Refactor CommitMerkleTree and repositories::tree
Refactor the merkle tree loading modules in CommitMerkleTree and repositories tree to deduplicate code and implement a consistent naming scheme. Functions that previously got but did not require a CommitMerkleTree object now instead get a root from repositories::tree.
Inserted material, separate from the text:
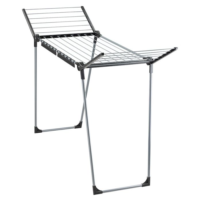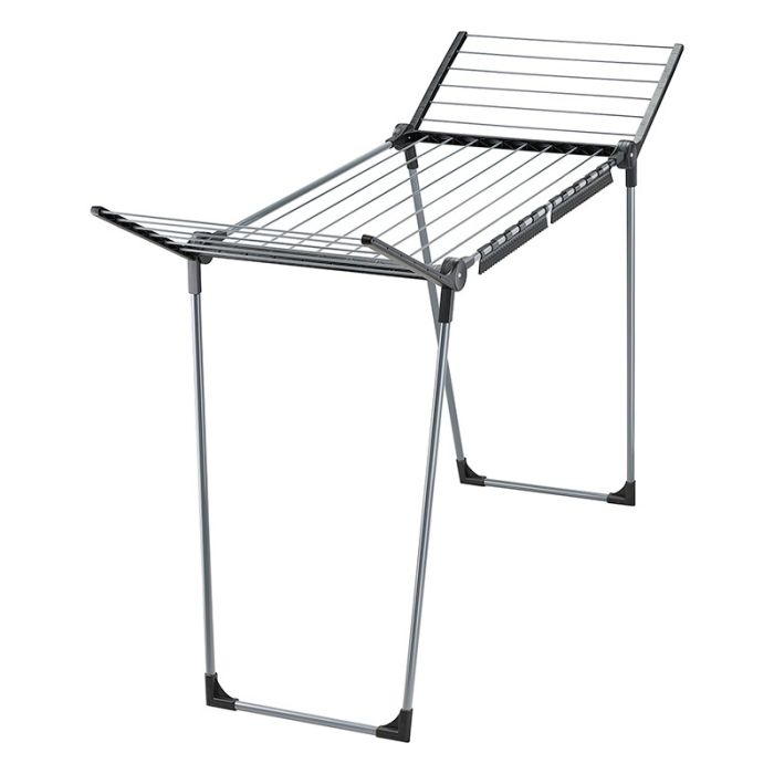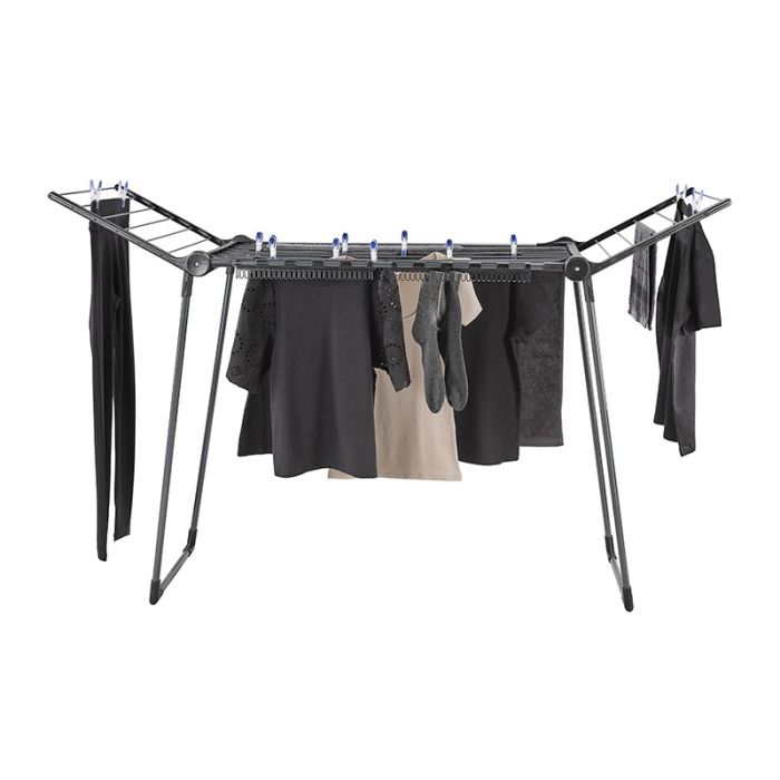 | Aanvullende kenmerken | PEGASUS 150 Black Edition droogrek› Drooglengte: 15 m› Vleugelhoogte: 105 cm› 2 houders om kleine kledingstukken op te hangen› Aantal wasbeurten: 1-2› Afmetingen: H 87 x B 157 x D 55 cm› 5 jaar garantie |
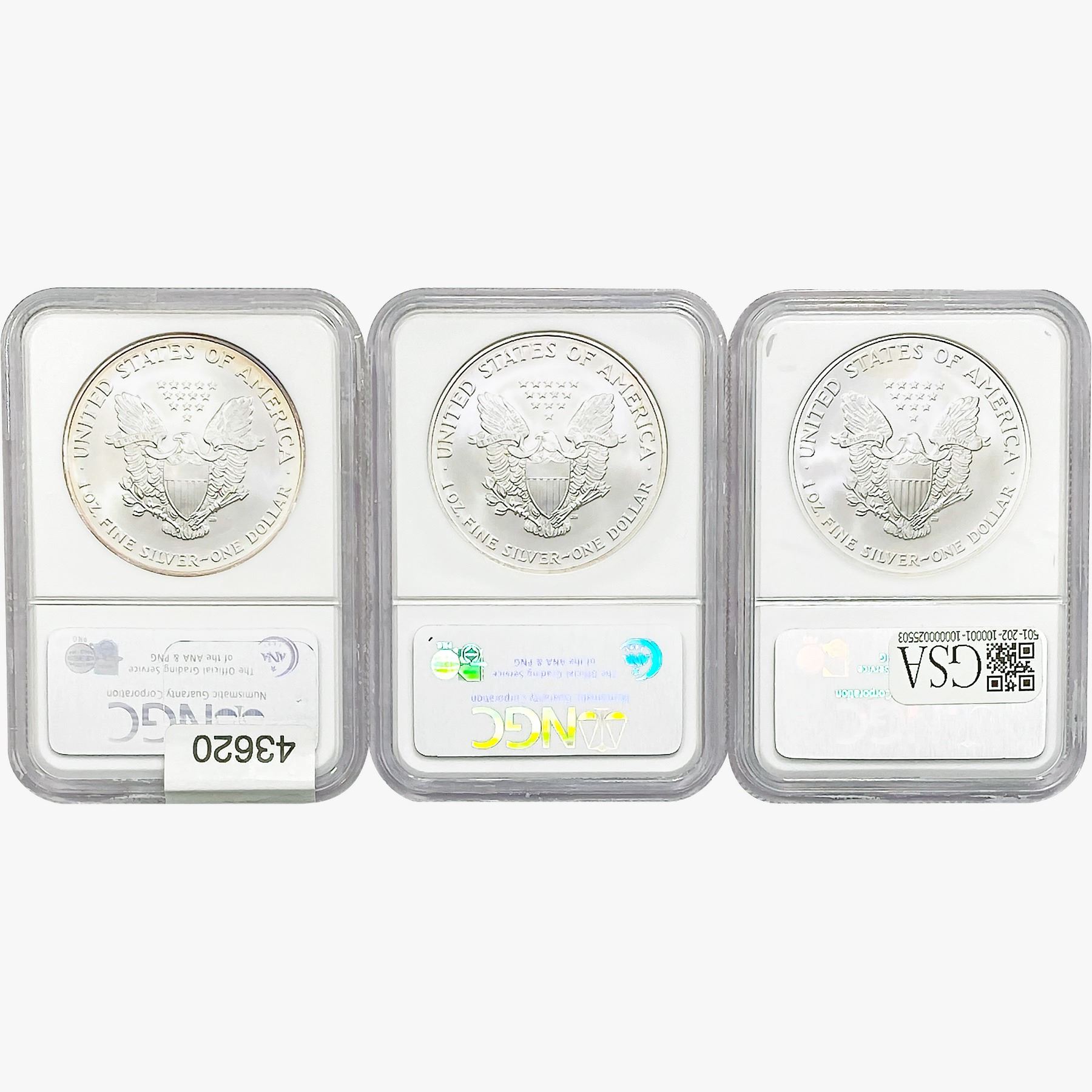 e. Coins sold referencing a third-party grading service are sold “AS IS” without any express or implied warranty, except for a guarantee by GSA that they are genuine. Removal or alteration of the holder, voids all of Bidder’s claims concerning that Product. Certain warranties may be available from the grading services and Bidders are referred to them for further details: Numismatic Guaranty Corporation (NGC), PO Box 4776, Sarasota, FL 34230, www.ngccoin.com/services/writtenguarantee.asp; Professional Coin Grading Services (PCGS), PO Box 9458, Newport Beach, CA 92658, www.pcgs.com/guarantee.html; ANACS, 6555 S. Kenton St., Ste. 303, Englewood, CO 80111; and Independent Coin Grading Co. (ICG), 7901 East Bellview, Ave., Suite 50, Englewood, CO 80111.

In general, all functions go through repositories::tree rather than directly accessing CommitMerkleTree where possible
Summary by CodeRabbit
-
Bug Fixes
- Push command now writes errors to stderr.
- Improved error messaging when repository trees are missing.
-
Improvements
- File restoration now also verifies file size (in addition to modification time) to avoid incorrect restores.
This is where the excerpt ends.